Big endian vs little endian
Posted Mar 24, 2007 0:22 UTC (Sat) by giraffedata
In reply to: Big endian vs little endian
Parent article: How an Accident of Hardware Design Encouraged Open Source (O'ReillyNet)
"I don't see any inconsistency. A telephone number isn't a number; it's just a digit sequence. There's only one sane way to write a telephone number: in the order in which you dial it."
How does that make -any- sense? If you're reading right-to-left, you'd read the numbers right-to-left and dial right-to-left.
I failed to notice that the quote to which I was responding is contradictory. My statement makes sense if you believe the first half of it ("telephone numbers are an exception to writing numbers little-endian"), but nonsense if you believe the second half ("telephone numbers are left to right).

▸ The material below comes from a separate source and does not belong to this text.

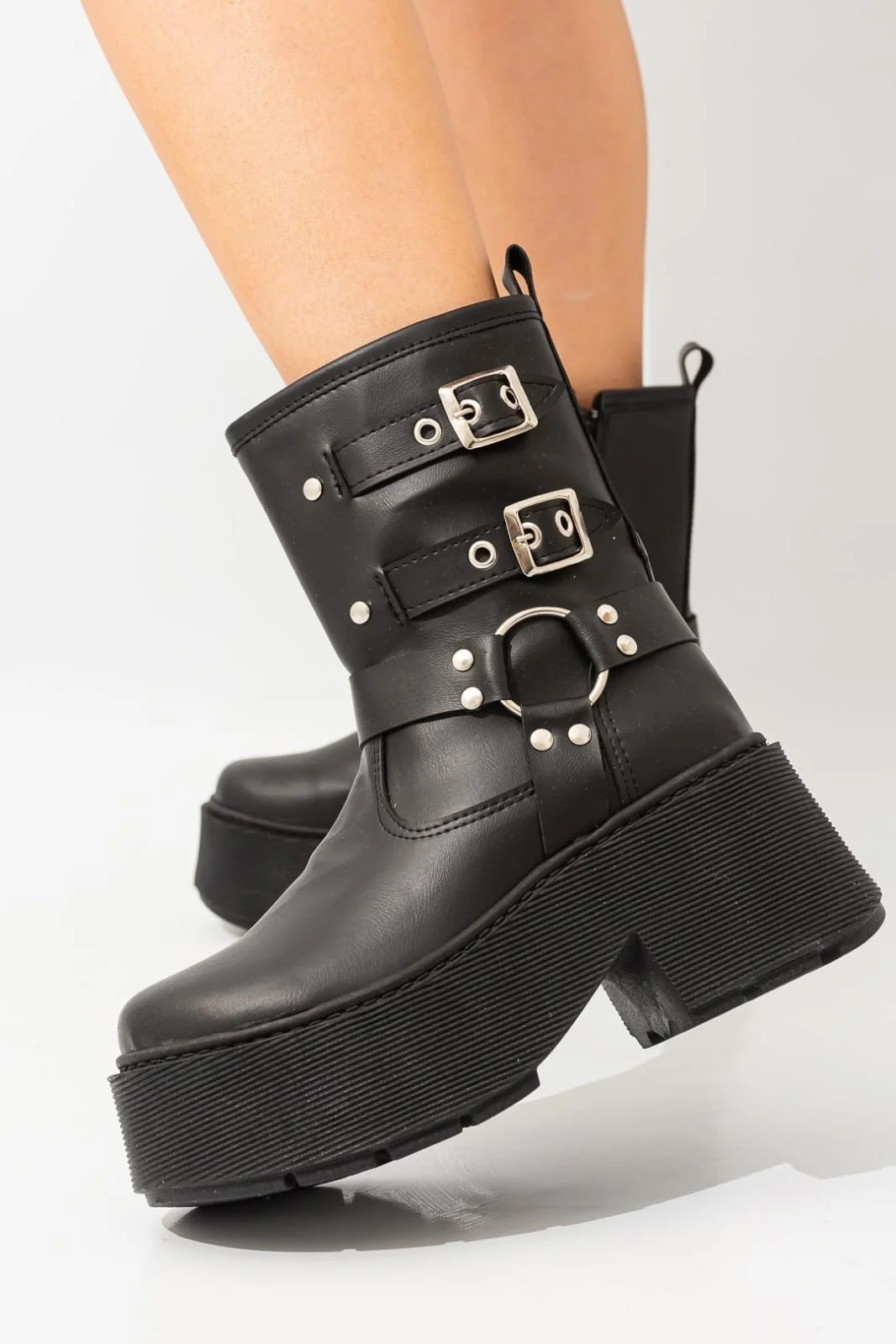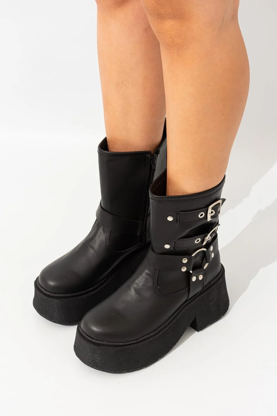«Borcegos de caña media con plataforma XL y detalles metálicos que marcan estilo. Con hebillas y apliques que refuerzan su impronta urbana, son ideales para un look canchero y con personalidad. Cómodas, modernas y fáciles de combinar.”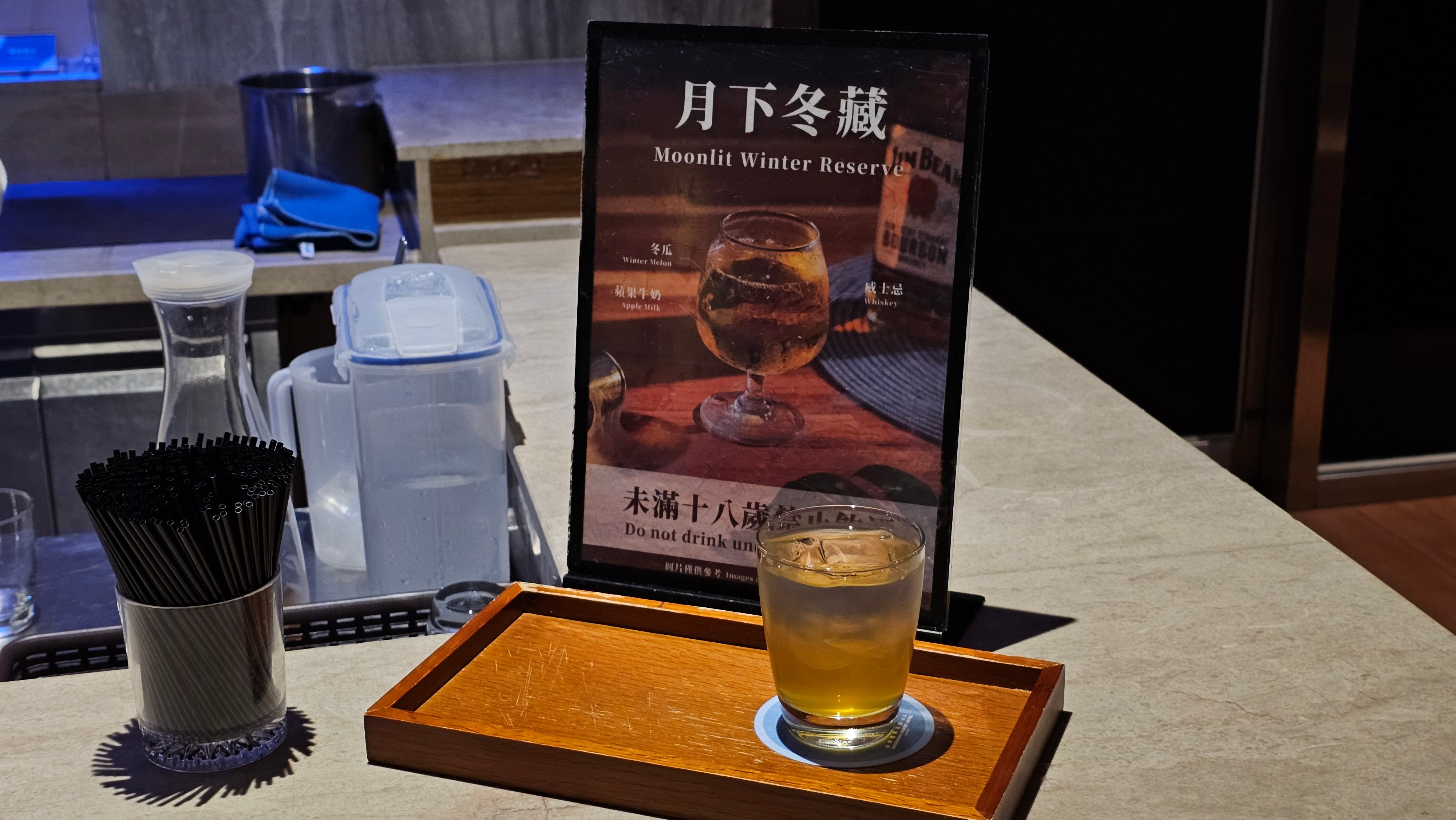 主角是由榮獲 2025 裸鑽雪莉調酒大賽台灣冠軍調酒師「秋葵 Okra」精心調製的「鳳凰特調」。夜間特調會隨月份變化,這次喝到的是月下冬藏,它的口感——酒味不重,甜中帶點冬瓜茶香,連平常不太喝酒的人喝完也說好喝。

I confirmed at http://www2.ignatius.edu/faculty/turner/arabic/anumbers.htm that numbers in Arabic are written little-endian (least significant digit on the right).
Now the only question is what direction are telephone numbers written? Common sense tells me the "left to right" from the original is a typo and is supposed to say "right to left." That way, it is big-endian, which is inconsistent with the way numbers are written, but is in the order of dialing. Which would make my objection correct: there's no real inconsistency because telephone numbers aren't numbers.
(While telephone numbers aren't numbers, I consider the digits to have significance in the same way numbers do; the digits that select among the largest geographical area in the original geographical numbering system are the more significant).